Guatemala Gives the U.N. the Boot

1/14/19
from The Wall Street Journal,
1/13/19:

The Commission Against Impunity undercuts confidence in the justice system..

While President Trump has been tangling with Congress over security solutions along the U.S. southern border, the United Nations has provoked a political crisis in Guatemala. The U.S. is unlikely to make progress on the former without paying attention to the latter. The U.N.’s Commission Against Impunity in Guatemala, or CICIG, began work in 2007 with a mandate to investigate illicit security forces and clandestine organizations and to support the Guatemalan attorney general in prosecuting organized crime.
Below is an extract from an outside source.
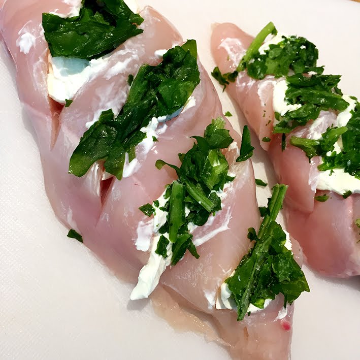 Zum Mittagessen gibt’s Pouletbrust gefüllt mit Frischkäse und Spinat – lecker!!!

Yet in 11 years, CICIG has secured precious few successful prosecutions and none among high-level politicians. Meanwhile it has undermined confidence in the Guatemalan justice system, and CICIG Commissioner Iván Velásquez has become a lightning rod for controversy. Last Monday Guatemalan President Jimmy Morales gave the commission 24 hours to leave the country. CICIG complied—for now. According to people familiar with the matter, the Morales government had brought credible complaints to U.N. Secretary-General António Guterres about CICIG witness tampering, illegal negotiations with convicted criminals, and prolonged, illegal preventive detention as a form of psychological torture. It complained that a CICIG official publicly stated that the commission is above the Guatemalan Constitution. Stéphane Dujarric, the U.N. secretary-general’s spokesman, told me by email on Thursday that the U.N. doesn’t believe CICIG is above the constitution. But he said “the management and running of the commission are the responsibility of the Commissioner. Questions relating to personnel should be addressed to the Commission itself.” In the U.N.’s eyes, Mr. Velásquez answers to no higher power.